Monday, November 26, 2012

Why k-means++ works

I've become somewhat obsessed by clustering recently. Like many people I tend to use that general workhorse: k-means (also known as Lloyd's algorithm in comp. sci. circles). It does a pretty good job, on average, and is simple and intuitive:
  • Initialization step: pick k clusters at random from the training set
  • Expectation step: assign each member of the training set to the nearest of those k centers
  • Minimization step: update cluster centers to be the centroid of the training samples assigned to them
  • repeat the expectation-maximization steps until convergence, i.e. there is no change in the assignments or the cluster centers.
With a few tens of iterations, maybe up to a hundred, the algorithm will have converged to a reasonable set of clusters
  1. if they exist. 
  2. if k is appropriate for the data. 
  3. if your clusters are roughly spherical. 
  4. if dimensionality is not too high / data are not too sparse.
While it is guaranteed to converge, it is not guaranteed to find the global minimum. It can get stuck on local optima. This can happen because of the stochastic nature of the initialization step in which it is possible for two or more of the initial cluster centers to be chosen close together and for k-means to then split the cluster. This is problematic enough that it is typically recommended to run k-means multiple times and to then choose the run with the lowest cost (sum of squared distances between the centers and their associated training samples).
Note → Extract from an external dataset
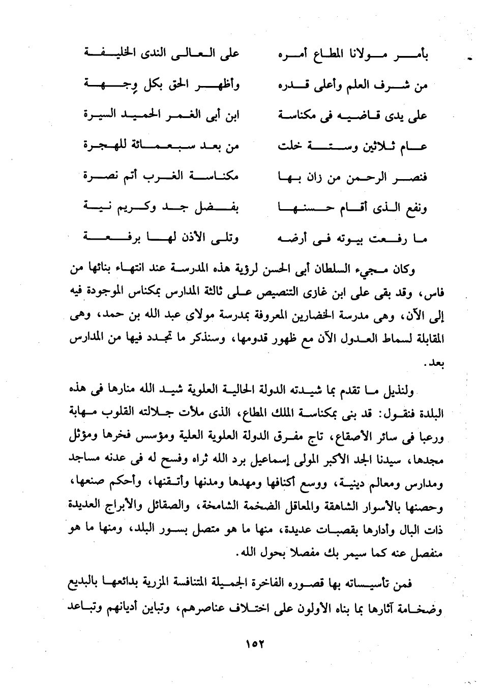 ولنذيل ما تقدم بما شيدته الدولة الحالية العلوية شيد الله منارها في هذه البلدة فنقول: قد بني بمكناسة الملك المطاع، الذي ملأت جلالته القلوب مهابة ورعبا في سائر الأصقاع، تاج مفرق الدولة العلوية العلية ومؤسس فخرها ومؤثل مجدها، سيدنا الجد الأكبر المولى إسماعيل برد الله ثراه وفسح له في عدنه مساجد ومدارس ومعالم دينية، ووسع كنافها ومهدها ومدنها وأتقنها، وأحكم صنعها، وحصنها بالأسوار الشاهقة والمعاقل الضخمة الشامخة، والصقائل والأبراج العديدة ذات البال وأدارها بقصبات عديدة، منها ما هو متصل بسور البلد، ومنها ما هو منفصل عنه كما سيمر بك مفصلا بحول الله.

In a key paper by David & Vassilvitskii 2007, k-means++: the advantages of careful seeding, they authors presented a tweak to k-means which (on average) reduced both the cost and the running time of k-means. It sounds too good to be true but it works. They tackled the cluster initialization step to avoid cluster centers being chosen close together. Their idea was as follows:
  • Pick the first cluster center randomly from the training set. 
  • Compute the distance from each training sample to that first center. Pick the second cluster center in proportion to the squared distances. 
  • Now compute the shortest distance from each of the remaining training samples to all the cluster centers. Pick the next cluster center in proportion to those squared distances. 
  • Repeat step above until k centers have been chosen. 
This seems simple enough but what is it doing? The first center is chosen randomly. The second center is chosen to be, on average, far from the first. The third is chosen to be far from both the previous two. And so on. With the centers more or less spread out throughout the dataset, there is less chance of splitting clusters and with the centers being a better starting point, the centers can converge more quickly. This more complex initialization comes at a cost---it is as costly as one iteration of k-means---but overall it converges more quickly and so is cheaper.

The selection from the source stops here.